What Sparano means by this is that there are some bubble players who still need to make their case. They are probably:


  • Lex Hilliard, a potential fifth running back
  • Brandon London, a potential sixth wide receiver
  • Joey Haynos and rookie John Nalbone, neither of whom have caught a ball yet in preseason, vying for a potential third tight end spot.
  • Nate Garner and Brandon Frye battling for a back-up tackle job, a potential ninth offensive linemen.
  • Tony McDaniel, Ryan Baker, Rod Wright, and Louis Ellis battling for a potential seventh defensive lineman spot.
  • Erik Walden, Reggie Torbor, Charlie Anderson, J.D. Folsom, William Kershaw, Quentin Moses, and Matt Roth, vying for 3 to 4 jobs at linebacker.
  • Joey Thomas and Courtney Bryan challenging for a potential tenth defensive back job.

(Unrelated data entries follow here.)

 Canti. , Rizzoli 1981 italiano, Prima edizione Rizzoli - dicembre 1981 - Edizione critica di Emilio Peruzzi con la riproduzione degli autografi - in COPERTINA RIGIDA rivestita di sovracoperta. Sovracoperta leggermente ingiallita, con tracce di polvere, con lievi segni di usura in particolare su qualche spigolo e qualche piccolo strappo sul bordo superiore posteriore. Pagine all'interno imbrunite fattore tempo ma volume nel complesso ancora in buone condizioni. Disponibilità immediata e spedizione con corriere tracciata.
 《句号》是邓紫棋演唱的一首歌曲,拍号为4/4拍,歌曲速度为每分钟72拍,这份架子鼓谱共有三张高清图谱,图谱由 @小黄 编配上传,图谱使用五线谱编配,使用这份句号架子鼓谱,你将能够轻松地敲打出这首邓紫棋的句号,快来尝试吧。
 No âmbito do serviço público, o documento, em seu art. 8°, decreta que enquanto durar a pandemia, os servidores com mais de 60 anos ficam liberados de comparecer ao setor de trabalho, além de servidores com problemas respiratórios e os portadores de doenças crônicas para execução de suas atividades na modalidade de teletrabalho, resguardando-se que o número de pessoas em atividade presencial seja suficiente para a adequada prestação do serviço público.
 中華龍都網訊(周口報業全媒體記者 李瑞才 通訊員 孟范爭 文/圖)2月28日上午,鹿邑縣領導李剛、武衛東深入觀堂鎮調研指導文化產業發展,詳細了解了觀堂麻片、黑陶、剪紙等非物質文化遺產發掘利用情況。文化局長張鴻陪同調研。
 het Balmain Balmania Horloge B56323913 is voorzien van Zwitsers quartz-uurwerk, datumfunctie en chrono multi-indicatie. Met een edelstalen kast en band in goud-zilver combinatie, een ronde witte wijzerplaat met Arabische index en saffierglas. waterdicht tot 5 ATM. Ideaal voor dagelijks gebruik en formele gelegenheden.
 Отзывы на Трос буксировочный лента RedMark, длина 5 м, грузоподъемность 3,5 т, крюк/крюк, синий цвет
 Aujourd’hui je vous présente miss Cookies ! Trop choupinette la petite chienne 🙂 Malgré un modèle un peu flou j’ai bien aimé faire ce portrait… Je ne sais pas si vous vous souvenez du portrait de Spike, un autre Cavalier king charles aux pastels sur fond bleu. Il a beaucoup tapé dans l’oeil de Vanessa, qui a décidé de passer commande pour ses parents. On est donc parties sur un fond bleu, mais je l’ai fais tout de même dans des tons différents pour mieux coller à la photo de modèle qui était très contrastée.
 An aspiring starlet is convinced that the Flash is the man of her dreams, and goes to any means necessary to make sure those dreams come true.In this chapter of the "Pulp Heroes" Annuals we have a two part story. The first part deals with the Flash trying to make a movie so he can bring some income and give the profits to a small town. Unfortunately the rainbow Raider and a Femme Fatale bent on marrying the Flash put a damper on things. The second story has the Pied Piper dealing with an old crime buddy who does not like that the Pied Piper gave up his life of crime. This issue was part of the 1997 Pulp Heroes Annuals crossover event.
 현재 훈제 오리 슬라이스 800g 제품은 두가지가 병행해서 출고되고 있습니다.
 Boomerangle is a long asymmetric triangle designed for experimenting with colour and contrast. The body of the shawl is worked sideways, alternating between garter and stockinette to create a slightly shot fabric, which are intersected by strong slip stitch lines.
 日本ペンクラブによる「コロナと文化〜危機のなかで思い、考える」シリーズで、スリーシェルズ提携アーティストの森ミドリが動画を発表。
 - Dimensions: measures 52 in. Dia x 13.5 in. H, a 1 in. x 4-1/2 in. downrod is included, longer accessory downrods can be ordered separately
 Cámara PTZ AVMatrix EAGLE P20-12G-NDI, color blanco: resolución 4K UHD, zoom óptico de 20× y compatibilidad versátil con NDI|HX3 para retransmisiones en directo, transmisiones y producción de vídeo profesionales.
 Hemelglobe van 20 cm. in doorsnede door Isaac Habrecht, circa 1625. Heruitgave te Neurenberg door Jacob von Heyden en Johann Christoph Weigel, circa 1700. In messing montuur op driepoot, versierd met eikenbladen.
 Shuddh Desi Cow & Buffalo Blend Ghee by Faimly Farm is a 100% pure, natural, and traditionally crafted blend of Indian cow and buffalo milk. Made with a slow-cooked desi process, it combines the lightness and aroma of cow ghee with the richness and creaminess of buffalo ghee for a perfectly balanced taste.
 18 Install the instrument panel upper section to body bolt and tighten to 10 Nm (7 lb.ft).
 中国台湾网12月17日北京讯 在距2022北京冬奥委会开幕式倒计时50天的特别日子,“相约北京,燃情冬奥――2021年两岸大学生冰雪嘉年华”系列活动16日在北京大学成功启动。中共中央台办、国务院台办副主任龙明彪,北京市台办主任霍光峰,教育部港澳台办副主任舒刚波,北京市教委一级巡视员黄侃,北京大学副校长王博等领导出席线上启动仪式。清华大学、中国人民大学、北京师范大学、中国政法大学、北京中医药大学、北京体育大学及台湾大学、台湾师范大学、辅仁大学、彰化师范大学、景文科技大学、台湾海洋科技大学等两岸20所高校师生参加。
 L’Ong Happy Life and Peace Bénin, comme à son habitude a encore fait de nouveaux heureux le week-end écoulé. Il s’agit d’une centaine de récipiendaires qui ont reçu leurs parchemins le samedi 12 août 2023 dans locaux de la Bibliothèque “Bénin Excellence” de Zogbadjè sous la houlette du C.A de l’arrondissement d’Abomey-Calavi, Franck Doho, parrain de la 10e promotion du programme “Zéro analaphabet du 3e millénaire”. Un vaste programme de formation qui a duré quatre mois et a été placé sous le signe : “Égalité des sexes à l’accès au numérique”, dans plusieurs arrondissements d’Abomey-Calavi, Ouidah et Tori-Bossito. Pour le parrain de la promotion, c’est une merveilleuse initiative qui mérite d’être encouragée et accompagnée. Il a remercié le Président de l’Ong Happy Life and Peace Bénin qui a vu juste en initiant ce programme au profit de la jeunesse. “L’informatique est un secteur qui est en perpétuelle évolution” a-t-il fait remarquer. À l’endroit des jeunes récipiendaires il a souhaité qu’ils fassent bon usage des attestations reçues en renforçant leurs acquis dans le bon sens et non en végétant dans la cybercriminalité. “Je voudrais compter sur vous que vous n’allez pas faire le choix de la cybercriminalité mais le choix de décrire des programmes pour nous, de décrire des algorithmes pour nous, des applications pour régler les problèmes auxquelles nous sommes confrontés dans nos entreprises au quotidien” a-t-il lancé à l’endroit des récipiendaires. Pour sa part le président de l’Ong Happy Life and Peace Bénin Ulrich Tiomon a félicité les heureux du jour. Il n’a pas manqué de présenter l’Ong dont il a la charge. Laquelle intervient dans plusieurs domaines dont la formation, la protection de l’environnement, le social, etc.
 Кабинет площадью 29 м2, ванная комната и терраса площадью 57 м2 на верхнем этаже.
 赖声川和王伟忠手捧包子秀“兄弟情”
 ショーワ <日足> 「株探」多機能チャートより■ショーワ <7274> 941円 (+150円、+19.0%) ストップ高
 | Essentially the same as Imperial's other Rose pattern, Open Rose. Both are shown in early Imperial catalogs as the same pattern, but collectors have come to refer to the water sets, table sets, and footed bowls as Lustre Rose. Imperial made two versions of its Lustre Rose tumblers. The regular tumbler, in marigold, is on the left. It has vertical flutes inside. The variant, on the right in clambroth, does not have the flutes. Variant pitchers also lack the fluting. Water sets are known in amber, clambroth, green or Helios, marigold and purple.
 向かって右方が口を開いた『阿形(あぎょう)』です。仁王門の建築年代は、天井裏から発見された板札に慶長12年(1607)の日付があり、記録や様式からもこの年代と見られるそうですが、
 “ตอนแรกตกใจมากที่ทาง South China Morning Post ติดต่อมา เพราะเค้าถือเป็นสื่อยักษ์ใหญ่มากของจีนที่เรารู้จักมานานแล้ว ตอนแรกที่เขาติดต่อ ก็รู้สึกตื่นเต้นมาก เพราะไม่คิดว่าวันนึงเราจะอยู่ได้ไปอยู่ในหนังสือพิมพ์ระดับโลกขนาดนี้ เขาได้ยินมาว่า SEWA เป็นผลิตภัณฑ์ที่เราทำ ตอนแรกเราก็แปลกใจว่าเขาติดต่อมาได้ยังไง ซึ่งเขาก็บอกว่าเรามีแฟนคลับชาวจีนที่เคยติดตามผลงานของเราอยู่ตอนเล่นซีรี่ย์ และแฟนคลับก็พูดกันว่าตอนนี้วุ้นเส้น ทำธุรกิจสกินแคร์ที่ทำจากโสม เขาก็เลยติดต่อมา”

More than half won’t get past the Turk.

 

Meanwhile, Sparano and his staff are shifting increasing focus towards getting the active roster ready for the regular season. To that end, some pretty important questions need to be answered. Some of them are:



  • Which situational packages are best suited to the talent on hand, and who should staff them?
  • What’s the best way to hide the deficiencies on both sides of the ball?
  • Who is the best choice to start at wide receiver opposite Ted Ginn?
  • Who is the best choice to start at corner opposite Will Allen?
  • Who is the better kicker, Dan Carpenter or Connor Barth?
  • What is needed to fix special teams?
  • Can the Dolphins afford to activate Pat White on game day?

 

Sparano hopes that he can gain more clarity in the all-important third preseason game on Thursday at Tampa Bay (FOX, 8:00pm ET). The third game is usually the most important because the coaches come closest to formulating a regular season game plan; this tests the mental and physical abilities of the players against an opponent equally prepared. It also serves to improve timing and chemistry. This is why it’s a pretty good bet that whomever we see start this game will likely start the season opener.

 

Unfortunately for the Dolphins, it’s a short week (Thursday night game). This could hinder the extent of what the coaches can install, and the amount of information that can be gleaned towards solving some of the above questions.

 

“It’s a short week, so (the game planning is) going to be very, very minimal”, said Sparano. “But, to be honest with you, with this kind of turn-around, in-season, when you’re not dealing with training camp, you would prepare the week before. Here in training camp, because you’re dealing with another practice, another practice, another practice, that’s not the way you can handle that. So, the game planning part of this thing will be minimal.”

 

Sparano indicated that he will play his starting offense well into the third quarter. Back-up QB Chad Henne will get some reps with the starters before working with the reserves to finish off the game. Defensively, key starters like NT Jason Ferguson probably won’t go more than a half. On an individual basis, bubble players (listed above) will likely see extensive action.

 

While we still don’t know how good these Dolphins will be, what we’ve seen thus far is encouraging. Still, an awful lot of work remains to be done before this team will be ready to play a real game.

 

We’ve seen enough to know that the Dolphins will be able to run the ball pretty well. But were they successful in improving the explosiveness of the offense?

 

We’ve seen enough to know that the Dolphins appear to have improved the personnel in the secondary. But will it be good enough, soon enough for the defense to save games?

 

We’ve seen enough to know that problems from last year on special teams are yet to be solved. Is it too late to fix the coverage and return units?

 

Sparano and friends have about two weeks to make the right calls.